When that happens, every enterprise that models its data this way can drive agents as intelligent – and as operationally effective – as those powering Amazon’s internal systems. That’s the foundation for the next productivity revolution: a shift from siloed knowledge work to a kind of managerial assembly line, where analytics and intelligent agents inform every role, every process, every decision.
The path to enterprise AGI won’t be outsourced to the internet. It will be built inside the enterprise, behind the firewall, one domain-specific intelligence system at a time. And in that world, the real competition isn’t between AI companies – it’s between enterprises that model their data, and those that don’t.
Milestones to watch
- Unity Catalog depth – Does the ontology expand beyond 2.5-D metrics to full application schemas that encode policy, process, and time?
- Agent Bricks write-back – When an agent can update an SAP order, a ServiceNow ticket, or a Salesforce opportunity without brittle glue code, the loop will be closed.
- Ecosystem commitment – Track whether BI, reverse-ETL, and low-code vendors truly round-trip semantics through Unity rather than hoarding their own.

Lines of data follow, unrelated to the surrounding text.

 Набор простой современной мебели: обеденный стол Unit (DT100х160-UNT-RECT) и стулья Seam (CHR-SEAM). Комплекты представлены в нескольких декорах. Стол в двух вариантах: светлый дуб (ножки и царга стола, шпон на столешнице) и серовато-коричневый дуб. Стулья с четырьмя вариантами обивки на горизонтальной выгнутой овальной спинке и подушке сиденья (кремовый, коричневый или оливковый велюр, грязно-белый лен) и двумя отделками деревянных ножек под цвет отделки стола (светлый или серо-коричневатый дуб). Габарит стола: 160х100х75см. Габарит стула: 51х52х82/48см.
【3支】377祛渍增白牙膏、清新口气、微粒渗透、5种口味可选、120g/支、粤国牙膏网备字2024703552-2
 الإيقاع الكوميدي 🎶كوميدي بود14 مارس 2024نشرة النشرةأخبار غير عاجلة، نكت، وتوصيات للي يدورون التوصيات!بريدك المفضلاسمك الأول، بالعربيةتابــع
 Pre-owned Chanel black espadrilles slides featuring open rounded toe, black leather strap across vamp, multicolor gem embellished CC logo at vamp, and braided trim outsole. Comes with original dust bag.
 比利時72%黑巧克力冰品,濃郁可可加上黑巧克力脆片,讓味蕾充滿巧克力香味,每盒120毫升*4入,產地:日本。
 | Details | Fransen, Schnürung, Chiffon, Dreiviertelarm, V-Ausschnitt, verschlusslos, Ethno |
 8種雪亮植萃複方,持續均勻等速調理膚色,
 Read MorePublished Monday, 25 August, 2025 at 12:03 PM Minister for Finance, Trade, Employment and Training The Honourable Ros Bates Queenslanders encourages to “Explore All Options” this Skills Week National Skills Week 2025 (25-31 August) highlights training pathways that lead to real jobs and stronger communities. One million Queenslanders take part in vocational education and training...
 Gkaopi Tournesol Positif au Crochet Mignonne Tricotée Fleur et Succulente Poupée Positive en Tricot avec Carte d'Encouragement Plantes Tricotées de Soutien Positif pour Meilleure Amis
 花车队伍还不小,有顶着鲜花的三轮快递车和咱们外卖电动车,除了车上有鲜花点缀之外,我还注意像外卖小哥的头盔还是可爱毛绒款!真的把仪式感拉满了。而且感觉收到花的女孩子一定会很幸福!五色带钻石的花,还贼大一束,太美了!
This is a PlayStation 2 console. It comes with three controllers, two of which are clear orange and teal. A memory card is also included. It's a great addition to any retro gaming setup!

- Regulatory certifications – FedRAMP High, HIPAA, FINRA, and region-specific sovereignty stamps will be gating items for heavily regulated estates.
Bottom line
One key principle of our model is that enterprises will not donate their crown-jewel datasets to the public internet, no matter how powerful open-web LLMs become. Whoever supplies the on-prem, governed substrate that marries those private assets with agentic automation will win disproportionate economic rent. Databricks has a credible line of sight to that position; Snowflake, SAP, Salesforce, and ServiceNow are sprinting there as well.
We’ll be tracking which vendor first turns proprietary data into autonomous action loops—because that, not synthetic benchmarks, is the holy-grail finish line Jamie Dimon and every other CEO cares about.